It also happened to me earlier today on the forum main page, didn't see this thread untill later so I think it's just a coincidence !


----------



## GrauGeist (Feb 15, 2014)

Twice this morning for me, between 8:00 a.m. and 9 a.m. (Pacific)

First occurrence was trying to load the last page of "Picture of the Day"; WWII General and the second event was trying to load page 4 (from page 5) of "Declining Page Count"; Errors/Problems

Of course, refreshing the blank page in both cases fixed the problem


----------



## Marcel (Feb 16, 2014)

Just now, around 9.50am central european time. Using safari on an ipod touch. Mobile template, going from off topic to the forum index.


----------



## Njaco (Feb 16, 2014)

Just happened to me. I've noticed that it usually occurs for me when trying to open a thread from the "New Posts" section. I always click "New Posts" to see whats new, then open a relevant thread. That is when it happens. Not so much if I'm already in a thread and going to the next page.


----------



## DerAdlerIstGelandet (Feb 16, 2014)

I have not had it happen yet.


----------



## Crimea_River (Feb 16, 2014)

4:46 PM Mountain Standard, this page loaded blank: http://www.ww2aircraft.net/forum/21-pacific-theatre-operations-ii/1-48-grumman-avenger-tbf-1c-pacific-theatre-operations-ii-39953-7.html

You're off the hook Karl!


----------



## GrauGeist (Feb 16, 2014)

About 4 p.m. Pacific, went to come onto the server by way of .../forum/ and it loaded blank after a slight delay.

Refreshed and it was fine for the duration of the session.

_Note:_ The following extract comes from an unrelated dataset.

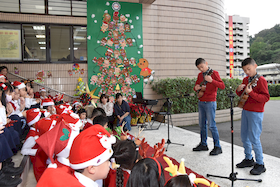 點燈之後,由董宴均老師指導的一年信班小朋友,帶來歡樂的聖誕歌曲表演。孩子們歡快的歌聲像一群小天使,把「校慶快樂」與「祝福平安」送給每一位在場的家長與師生,也為這個特別的日子畫下溫馨的註記。

This was with Firefox, btw


----------



## Wurger (Feb 17, 2014)

Just got a blank page accessing the thread 12:52 my local time. Refreshed screen and all is fine now.


----------



## rochie (Feb 17, 2014)

Just happened twice at 18:08 UK time here, http://www.ww2aircraft.net/forum/21...iv-pacific-theatre-operations-ii-39949-7.html
And again when I hit the forum button.
Then I kept getting service temporarily unavailable page
Using my Kindle Fire with Silk browser


----------



## Crimea_River (Feb 17, 2014)

Yeah, I think the site must have had some issues today as I could not get in at about that time either Karl.


----------



## fubar57 (Feb 19, 2014)

Just happened 9:45 PST. Went from New Posts to here...http://www.ww2aircraft.net/forum/21...heatre-operations-ii-39969-5.html#post1102042 Hit refresh and all was good.

Geo


----------



## Crimea_River (Feb 20, 2014)

9:02 Mountain Standard launching site home page from Google Chrome.


----------



## GrauGeist (Feb 25, 2014)

Got one this morning: 8:50 a.m. (Pacific) off topic/what cheered you up today?

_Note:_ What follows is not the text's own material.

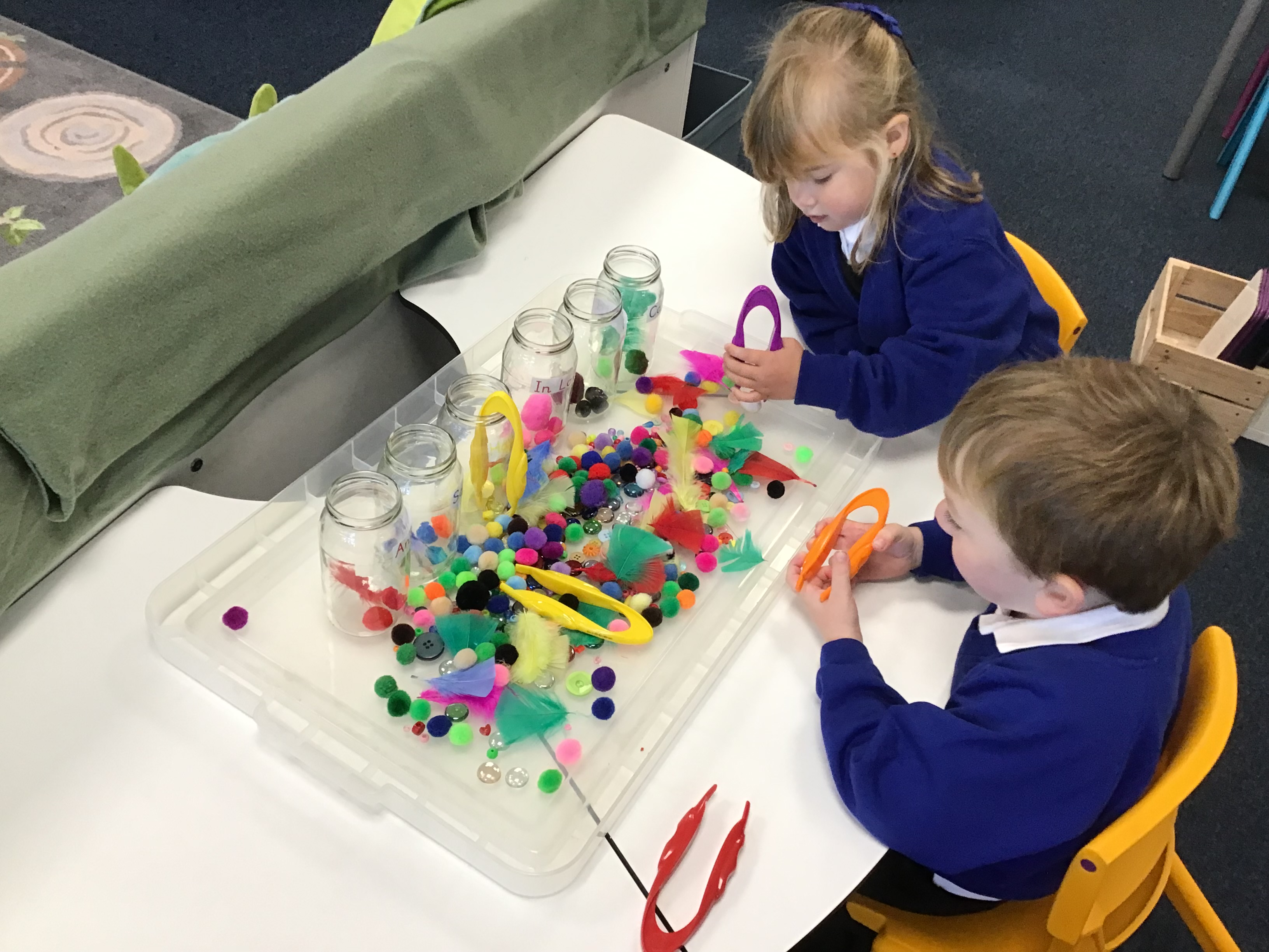 Our sensory trays were themed around different emotions. The children explored textures and colours, then used tweezers to sort items into jars based on how they thought each colour might feel—great for fine motor skills and emotional awareness.

Refreshed the page and it loaded right up


----------



## Catch22 (Feb 26, 2014)

11:31 AM Mountain, http://www.ww2aircraft.net/forum/21...-theatre-operations-ii-40119.html#post1103948, Chrome on OS X 10.9.


----------



## Catch22 (Feb 26, 2014)

12:01 Mountain, Group Builds - Official.


----------



## Crimea_River (Feb 27, 2014)

7:10pm Mountain Std http://www.ww2aircraft.net/forum/20-aircraft-foreign-service-wwii/1-48-brewster-b-239-x2-aircraft-foreign-service-wwii-39661-7.html


----------



## rochie (Feb 28, 2014)

just now 12.35pm uk time
Vic's spitfire build thread
http://www.ww2aircraft.net/forum/21...c-pacific-theatre-operations-ii-39948-12.html

took 3 times hitting refresh page before anything appeared.


----------



## GrauGeist (Mar 1, 2014)

At 10:40 a.m. Pacific, posted a reply to a thread (request of Iwo Jima maps) and got a blank page, went to reload it and got a 503 error:
*Service Temporarily Unavailable

The server is temporarily unable to service your request due to maintenance downtime or capacity problems. Please try again later.*


----------



## GrauGeist (Mar 3, 2014)

Ok Horse, got a great error message while loading the forum up into Firefox just now.

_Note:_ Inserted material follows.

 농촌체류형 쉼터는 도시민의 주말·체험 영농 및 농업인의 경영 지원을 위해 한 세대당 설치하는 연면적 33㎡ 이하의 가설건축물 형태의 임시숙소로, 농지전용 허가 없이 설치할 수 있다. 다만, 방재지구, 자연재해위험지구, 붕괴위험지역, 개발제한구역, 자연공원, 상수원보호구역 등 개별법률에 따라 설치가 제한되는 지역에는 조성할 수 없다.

A picture probably speaks louder than words with this one! 







As usual, refreshing the page fixed it immediately.


----------



## Wurger (Mar 3, 2014)

You should try to convince your net browser to speak English. No wonder server couldn't understand.


----------



## Airframes (Mar 3, 2014)

It must get really ****** up with Jan then !!!


----------



## Wurger (Mar 3, 2014)




----------



## GrauGeist (Mar 3, 2014)




----------



## pbehn (Mar 3, 2014)

I dont know if this is related but when I post on a thread it "disappears" from the list until someone else posts after me.


----------



## Gnomey (Mar 3, 2014)

Been OK for the most part for me. Did get a 503 error on the Start to Finish Builds forum just now though (22:17 GMT)


----------



## Wurger (Mar 3, 2014)

The most probable reason for the 503 error is that a server is temporary overloaded or it is performing maintenance of the web server, where an account is being hosted. Note that the error message means that the server is not completely down as it is still able to return the error message to a web browser, however, it is not functioning normally at the moment. The best thing to do is to allow some time and then try to access the website again or just click the refresh button.


----------



## Marcel (Mar 5, 2014)

Had a blank page again, just a minute ago when I tried to access a thread in the misc section.


----------